As we have heard, a key characteristic of the popular uprisings in the Middle East and the north Africa region was the prominent role of women. As the noble Baroness, Lady Tonge, described, there were women who were engaged in protesting, blogging, hunger-striking and organising. They were, in the spring of 2011, and continue to be a powerful force for change. However, as the noble Baronesses, Lady Hussein-Ece and Lady Hodgson, described, they are becoming increasingly sidelined from the future of their nations through a lack of inclusion in peace talks and constitution negotiations.

The report published in September by CARE International, circulated in the briefing for today’s debate, outlined just how much international donor policy needed to adapt in the wake of the Arab spring. It drew on the experiences of more than 300 men and women in Egypt, Morocco, Yemen and the Occupied Palestinian Territories, and found that the outlook for women in the region remains uncertain. Nearly all Middle Eastern countries in the World Economic Forum’s Global Gender Gap Report scored more poorly in 2012 than they did in 2011. At the same time, the uprisings created an explosion of new activism by women, and they are making themselves heard in transition processes such as the National Dialogue Conference in Yemen.

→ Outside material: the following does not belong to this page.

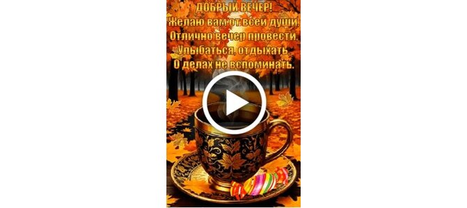 Добрый вечер! Желаю вам от всей души, отлично вечер провести. Улыбаться, отдыхать, о делах не вспоминать.

What is clear from the heartfelt accounts in the report is that the international community should invest in longer-term development programmes that will change the attitudes and practices that are a barrier to women’s participation in public life. We should support initiatives that will bridge the religious-secular divide that is becoming increasingly polarised. As the noble Baroness, Lady Uddin, said, women’s involvement on the front lines of the Arab spring has also been characterised by exclusion and systematic violence. Sexual assault, gang rape and public beatings were used to discourage women from taking part.

The EU meeting with Ministers from the Middle East and north Africa in Paris on 12 September on strengthening the role of women in society coincided with EU negotiations to review and revise aid and trade relations with the countries of the MENA region. While the EU has committed to promoting a “more for more” approach, whereby aid recipient states receive funding if they implement democratic reforms, the approach does not explicitly mention women’s rights. That was a point highlighted by the noble Baroness, Lady Berridge. How does the Minister think the EU will hold recipient countries to account if they fail to respect the rights of women to take part in decision-making institutions and processes?

Will the Minister indicate what steps the Government will take to factor benchmarks on women’s rights alongside wider benchmarks on good governance and human rights into the UK’s and the EU’s aid, trade and wider economic co-operation with states in the Middle East? How will he ensure that women’s rights organisations are consulted on the development of these benchmarks? An environment should be supported whereby women politicians, women’s rights organisations and women’s rights activists can freely operate and be protected from intimidation. The Government should ensure flexible funding mechanisms for women’s rights organisations so that capacity can be built and improved and communications can be established, and they should ensure that they have the resources to participate in the future direction of their nations.

In the recent debate on Syria, I referred to Oxfam’s report Shifting Sands, which highlighted that many refugee women and girls no longer have access to the resources and services that they used to have in Syria before the conflict began that enabled them to fulfil their traditional gender roles. I once again ask the Minister what assessment the Government have made and what action they are taking to understand and tailor policies to the impact of the crisis on the women affected, including violence against women and girl refugees. What steps will Her Majesty’s Government—both DfID and the FCO—take to work with Jordan, Lebanon and other states that are accepting refugees from Syria to support women refugees in earning a dignified livelihood, recognising the concerns from the local population and national authorities about the uncertain economic impact?